Memory Access Out Of Bounds
I wrote this to extract some vector graphics from pdfs. However it seems like on second page, it will throw this error on first function call involving doc
RuntimeError: memory access out of bounds
at wasm://wasm/028b9f5e:wasm-function[9107]:0x4707c9
at wasm://wasm/028b9f5e:wasm-function[1930]:0x14f6f8
at wasm://wasm/028b9f5e:wasm-function[1922]:0x14f585
at wasm://wasm/028b9f5e:wasm-function[2058]:0x157ba8
at wasm://wasm/028b9f5e:wasm-function[150]:0xd049
at <anonymous> (<redacted>/node_modules/.pnpm/[email protected]/node_modules/mupdf/dist/mupdf-wasm.js:705:12)

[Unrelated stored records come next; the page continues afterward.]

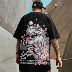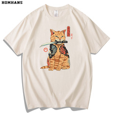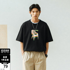 夏季日系设计感印花短袖男宽松百搭休闲圆领大码宽松潮流薄款T恤
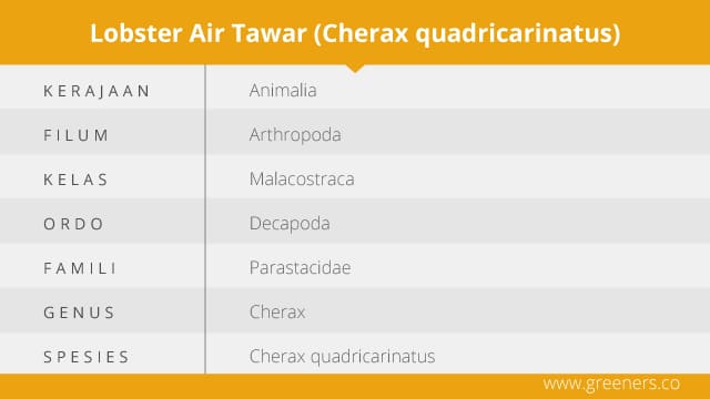 Lobster air tawar (Cherax quadricarinatus) termasuk ke dalam genus udang tawar (Crustacea). Selain sebagai konsumsi, fauna bercapit merah ini juga cocok dijadikan hewan hias karena memiliki keunggulan pada bentuk tubuh dan warna. Ia banyak dikembangkan untuk komoditi di dalam akuarium atau kolam. Karena ia tidak mudah stres dan terserang penyakit (Jurnal Sains Akuakultur Tropis, 2018).
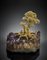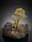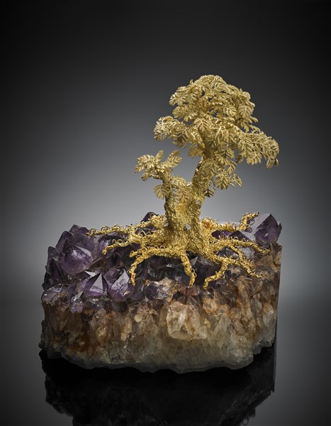 Albero in oro giallo cesellato rifinito in diamanti con due perni in metallo poggiante su base di quarzo, al netto della base g 737,50 circa, lungh. cm 29 circa. Con scatola originale
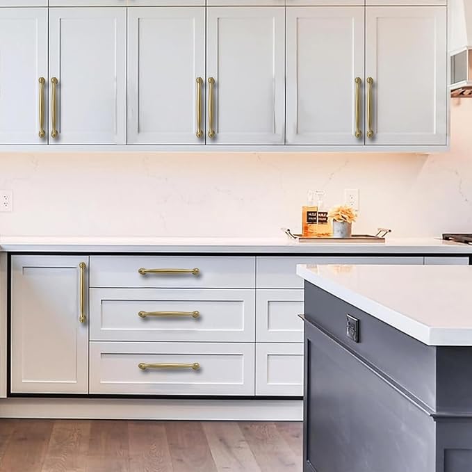 10 Pack 3-3/4inch(96mm) Center to Center Brushed Brass Cabinet Pulls Satin Brass Handles for Cabinets Cupboard Solid Heavy Duty Drawer Handles Dressers Kitchens bedrooms
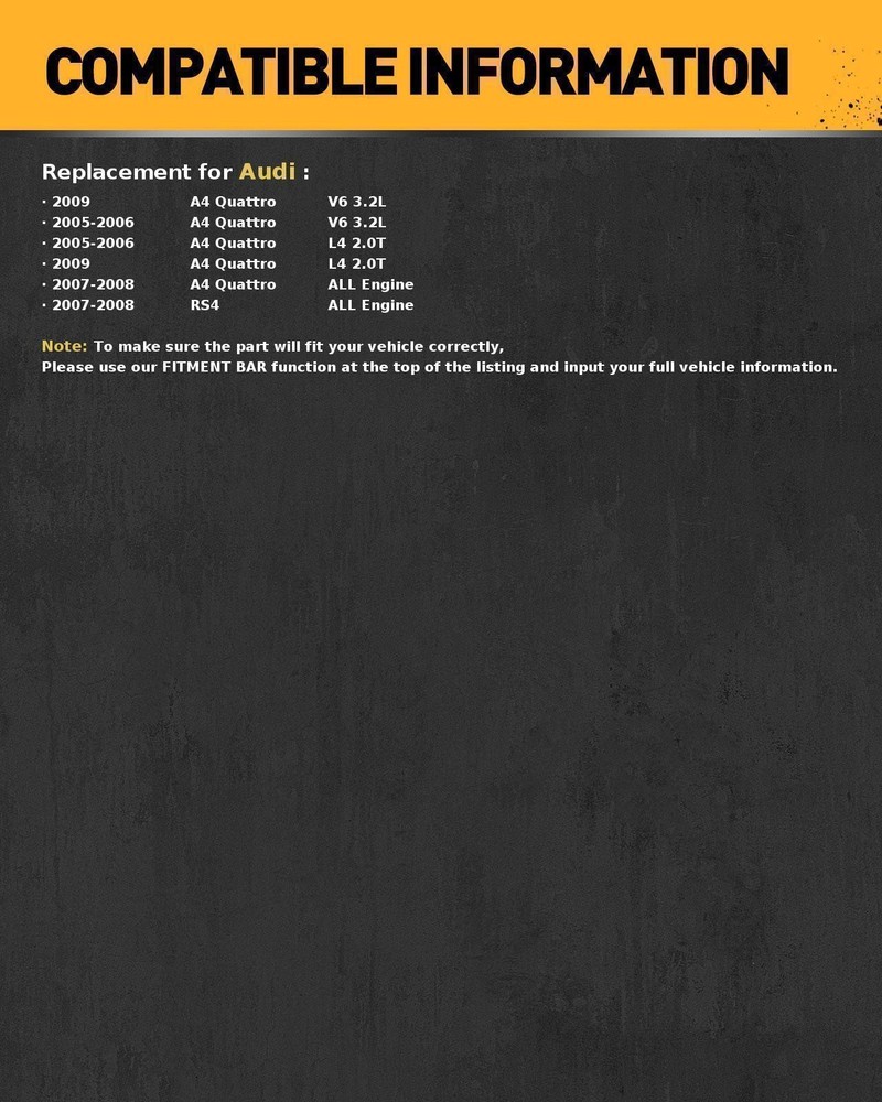 Advantages of KAC Fuel Pump Fuel supply: The Fuel pump assembly can provide stable fuel flow and pressure, ensuring the normal operation of the engine. Boosting: The Fuel pump assembly can increase the pressure of fuel, sending it into the high-pressure fuel rail to meet the needs of high-pressure fuel systems such as direct injection engines. Filtering: The fuel filter in the Fuel pump assembly can filter out impurities and pollutants in the fuel, preventing them from entering the engine. Pressure regulation: The pressure regulator in the electronic Fuel pump assembly is used to control the pressure of the fuel and ensure the stability of the fuel supply. Item Type: Electric Fuel Pump Assembly Condition: Brand New Warranty: One Year Warranty OE Number: E8681M, FG0977, P77072M, SP5103M, 69829 Quantity Sold: One Piece Vehicle Information: Make Model Year Engine Fuel Engine Type Notes Audi A4 Quattro 2005-2009 l4 2.0L Petrol DOHC 2009 Engine: BWT Audi A4 Quattro 2005-2008 V6 3.2L Petrol DOHC Audi RS4 2007-2008 V8 4.2L Petrol DOHC Product Specifications: Product Type Fuel Pump Assembly Inlet Type Strainer Pressure Sensor Inclued No Sending Unit Inclued Yes Float Included Yes Voltage 12V Package Quantity 1 Packaging Type Box Fitment Direct Replacement Payment Shipping Return Policy Contact Us About Warranty 1) we accepts all major credit cards via PayPal: MasterCard, Visa, American Express and Discover. 2) We will only ship to the confirmed PayPal shipping address given with the payment. Please make sure your PayPal and eBay address is correct. If not, please correct it before payment. Thank you. 3) If you want to ship to another address, please change your PayPal shipping address before you make payment. 4) To avoid initiating an unpaid item claim, please pay within 7 days. 5) Custom duties, taxes, or charges are not included in the cost you pay to us. We only ship this item to United States ! 1. We ship to your eBay address. Each package will be shipped by UPS or Fedex with tracking number. 2. Ship within 1 business day once payment completed. Orders placed on weekend will be shipped within 3 days. 4. Seriously promise: Refund or resend will be offered if item still not arrive in 7-10 business days. Just send us an email ,we will give you a satisfied solution as soon as possible. If you send us an e-mail, it will be answered within 48 hours during our working hours. Please feel free to contact us if you have any questions: Dear my friend,we appreciate your support.And our goal is service you well and give you a pleasant shopping time in our store. ✅Dear customer, when you want to return or exchange goods (Please contact us first, instead of directly initiating a dispute) 1: Contact the seller first 2: Send pictures: outer packaging&scanned labels&item itself&with complete accessories, etc necessary condition Rule A: The original packaging of the item is in an unused state. Rule B: The outer packaging must not have any damage. 3: Obtain return label 4: Delivered Projects - Payment Repayment ✅A 15% restocking and shelving fee will be charged for returns or exchanges that are not caused by the seller and are in good condition. Exchange will not charge restocking fees or shipping fees due to transportation errors ✅Priority In case of the following reasons, the freight will be borne by the buyer 1: Unexpected order 2: Find a better price 3: Change your mind 4: Buy more items/make mistakes/misread model information ✅Please note Missing accessories/quality issues/transportation damage, etc Please contact us first to obtain a good solution, rather than directly opening a return dispute. Thank you very much for your understanding. I hope we have a pleasant cooperation! Contact us if you have any question, Give us a chance to serve you, negative feedback could not solve anything, communication Please! ❎ (NO) Three stars is LOW star, NO 1,2,3 stars PLEASE! ✅(YES) Please give us Five-star! Have Question or Problem?? Step 1: Contact seller Step 2: Select the 1st topic: I have a question about using my item or I want to send the seller a message. NO others please! Step 3: Describe your question clearly; we will give you the best solution Please leave five stars positive feedback positive comment and Five-Stars. * We maintain a high standard of excellence (5 star rating) and strive for 100% customer satisfaction! * Feedback is very important to us. * We would like you to contact us immediately before giving us neutral or negative feedback so that we can address your concerns to our satisfaction. * If we don't understand these problems, we won't be able to solve them! * After understanding the problem, we will be able to give you a satisfactory answer! It's highly appreciated you leave us positive feedback and 5 star rating comments if you are satisfied with our service! Your comment is very important in our business success. About Warranty ✅ Free repair: During the warranty period, if the product fails due to manufacturing defects, component failure or workmanship problems, please contact us to provide corresponding handling methods. ✅ Warranty period: The warranty period is usually calculated from the date of purchase, and the specific period may vary depend on the product type and brand. ✅ Extended warranty: Some manufacturers may provide additional extended warranty services, which usually require additional fees and may extend the original warranty period or provide a wider warranty coverage ✅ Warranty terms: The repairer needs to use components and spare parts that meet the technical requirements of the product, carefully record the failure and the quality of the product after repair, and ensure that the repaired product can be used normally for more than 30 days. ✅ Note: If there are any problems with the product received, please provide all relevant videos, pictures and other clues to facilitate our cunstomer service department and processing the issuse for you . Thank you fo
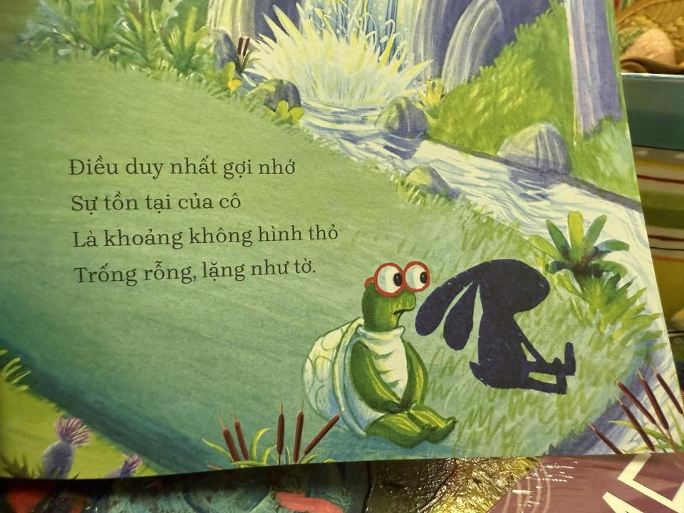 Với “Khoảng trống hình thỏ” và hành trình chú rùa Bertle đi tìm lại bạn mình, nhà thơ John Dougherty thử trò chuyện với các bạn nhỏ về nỗi buồn, sự trống vắng, cảm giác mất mát, thiếu thốn khi người mình yêu quý đã rời đi.
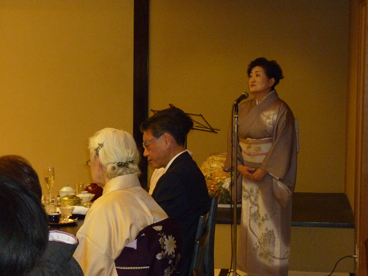午後からは、和室宴会場「錦水」にある大広間「八千代」の間にて披露宴が開かれ、初めに如水流代表で新家元の父である青池栄の挨拶の後、女子栄養大学の香川芳子学長の祝辞メッセージの紹介がありました。如水流は初代家元宗照の頃より同学長と親交が深く大学茶道部の講師を担っております。
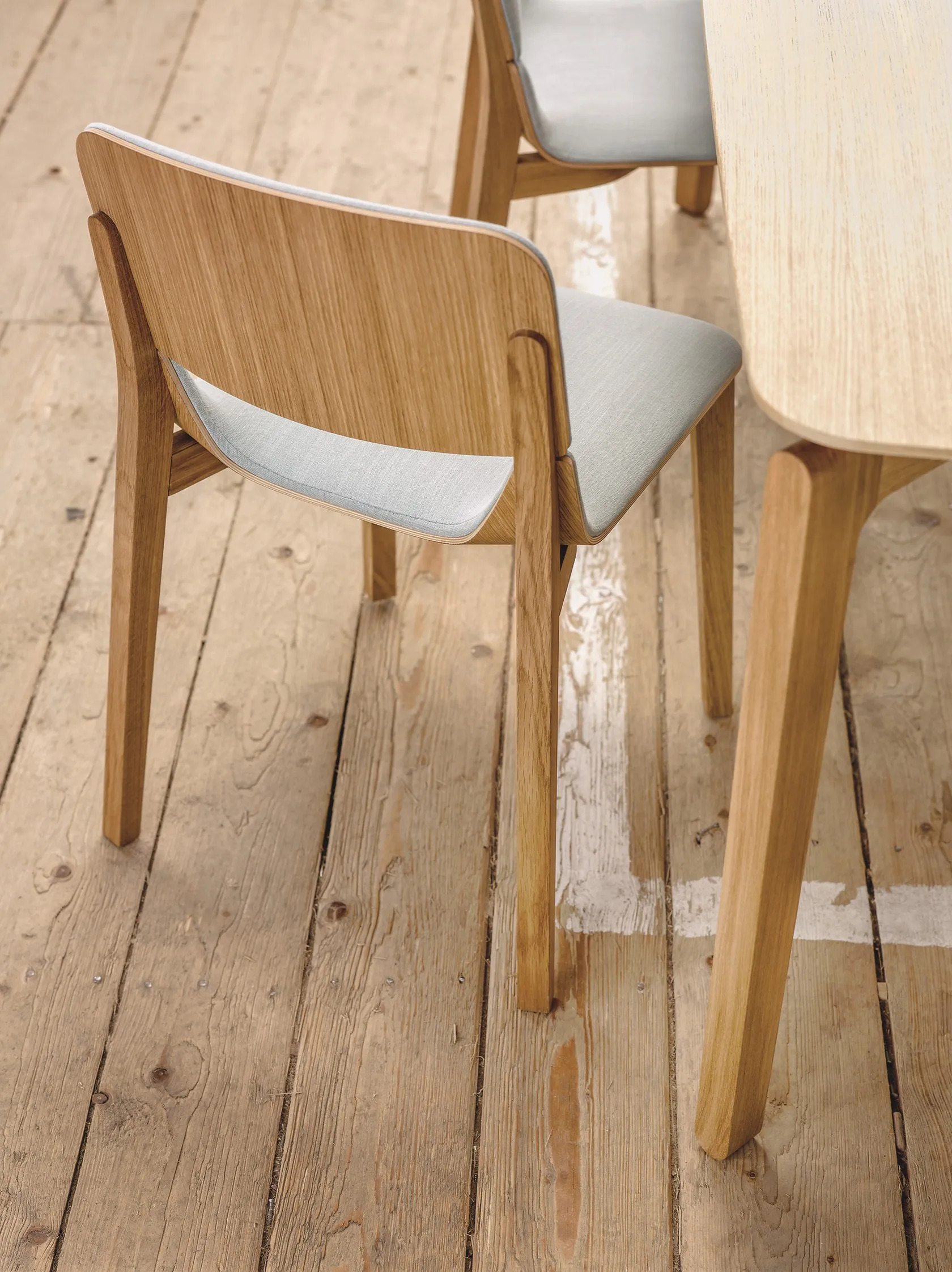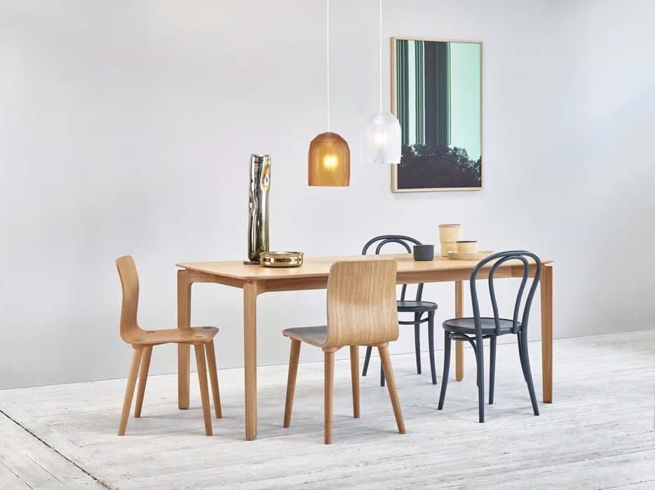 A természetes anyagok és formák iránti visszatérés jegyében készült a Leaf kollekció, amelyet a torinói Studio E-ggs tervezett a TON számára. A kollekció része a különböző magasságú bárszékek és székek, amelyekhez az étkezőasztal is tökéletesen illeszkedik. Az asztal tervezése során az aprók használata olyan hatást kelt, mintha az asztallap lebegne az alap felett. A Leaf székekkel való összhangot a felső lábak végén található kerek részlet biztosítja. A modern asztalok közé tartozó darab nemcsak a kollekció többi elemével, hanem más modellekkel is harmonizál, skandináv stílusának köszönhetően. Két formában érhető el: téglalap és kör alakú.

at FinalizationRegistry.cleanupSome (<anonymous>)
Here's the code. https://drive.google.com/file/d/1jleleL7AmEEl_igyj--x_9UnQizZ3PsB/view?usp=sharing
@BlackFuffey Could you try it with the import as the core MuPDF library - e.g.
import * as MuPDF from "mupdf";
It could possibly be that using at the /mupdfjs level causes the error.
Please let me know if it makes a difference.
@jamie-lemon Changing the import made no difference. Also, after this happens, it seems like every future use of MuPDF will throw a memory out of bound error until the app is restarted.
Another question: should i call destroy() on the given arguments inside rendering device functions?
a page.destroy() once you've dealt with a page couldn't hurt. :)
Im not doing doc.destroy() or page.destroy() here because this is a single middleware inside a pdf processing pipeline and pages may be reused later. At the end there is a cleanup middleware that will destroy every page and then the doc.
Hard to understand without seeing the whole context, but isn't the page object just a local reference to the function? In this case I don't think destroying the reference can do any harm.
I may be wrong on this but doesn't MuPDF cache the fetched pages and other data unless destroyed or if it's no longer accessible?
Update: I moved the bound extraction logic to pymupdf, and now it works perfectly.
Great - a hybrid approach! Good luck with the project!
Calling destroy should not be necessary (the garbage collector should reclaim the memory automatically as long as you don't hold references to objects that could be freed up).
RuntimeError: memory access out of bounds indicates a more serious error. It may have caused the memory within the WASM context to be so corrupted that you cannot continue using it without further errors. I'll have a look at tracking this down next week.
You could try a "memento" or ASAN build of the mupdf wasm, to see if you can track down where the corruption occurs.
PS. You can feed the raw RGB pixel data from the pixmap directly into a canvas Image, without round-tripping through PNG.
let pixmap = page.toPixmap(mupdf.Matrix.identity, mupdf.ColorSpace.DeviceRGB, true)
let imageData = new ImageData(pixmap.getPixels().slice(), pixmap.getWidth(), pixmap.getHeight())
Hey @ccxvii, are there perhaps any updates on this? I seem to be getting this on both the core & /mupdfjs levels while trying to create a trace device as per https://mupdf.readthedocs.io/en/latest/cookbook/javascript/advanced.html#trace-device.